→ **Problem requirements**
The material below is to be copied exactly from the line with "Balon Kollu Uzun Model Bordo Kaşe Kaban" up to and including the line with "Ведущая: А сейчас", with nothing else kept and no pictures.

→ **Supplied data**
- - -

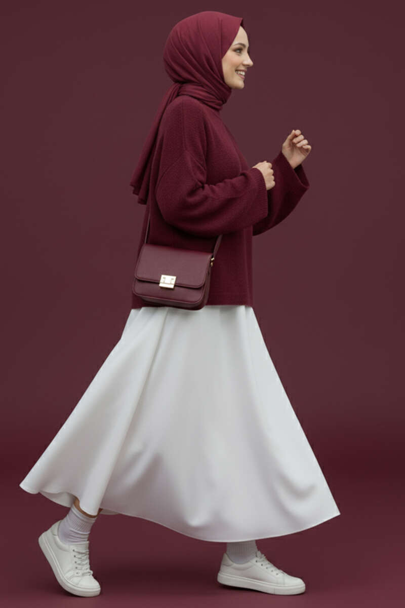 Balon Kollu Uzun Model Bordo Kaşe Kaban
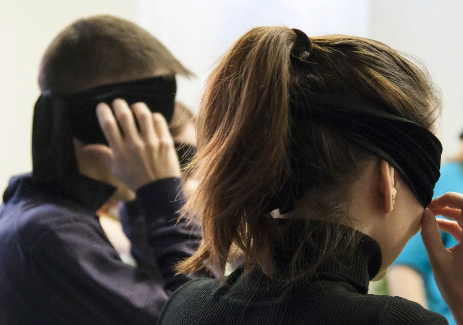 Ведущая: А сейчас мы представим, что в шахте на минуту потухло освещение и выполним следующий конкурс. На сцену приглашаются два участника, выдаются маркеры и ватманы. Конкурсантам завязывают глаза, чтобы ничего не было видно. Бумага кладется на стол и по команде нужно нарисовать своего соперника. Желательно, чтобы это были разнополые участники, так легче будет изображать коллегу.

- - -

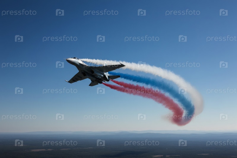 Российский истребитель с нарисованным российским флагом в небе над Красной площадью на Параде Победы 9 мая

- - -

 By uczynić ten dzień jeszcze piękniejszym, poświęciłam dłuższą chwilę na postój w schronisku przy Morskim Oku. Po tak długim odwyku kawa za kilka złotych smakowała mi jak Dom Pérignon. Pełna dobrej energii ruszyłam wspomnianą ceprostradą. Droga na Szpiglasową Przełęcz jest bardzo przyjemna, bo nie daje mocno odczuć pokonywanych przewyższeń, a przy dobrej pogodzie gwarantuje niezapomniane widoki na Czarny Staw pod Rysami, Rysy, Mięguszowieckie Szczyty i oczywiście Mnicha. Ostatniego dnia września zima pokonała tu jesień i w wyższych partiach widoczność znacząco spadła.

- - -

→ **Result of the exercise**
 Balon Kollu Uzun Model Bordo Kaşe Kaban
 Ведущая: А сейчас мы представим, что в шахте на минуту потухло освещение и выполним следующий конкурс. На сцену приглашаются два участника, выдаются маркеры и ватманы. Конкурсантам завязывают глаза, чтобы ничего не было видно. Бумага кладется на стол и по команде нужно нарисовать своего соперника. Желательно, чтобы это были разнополые участники, так легче будет изображать коллегу.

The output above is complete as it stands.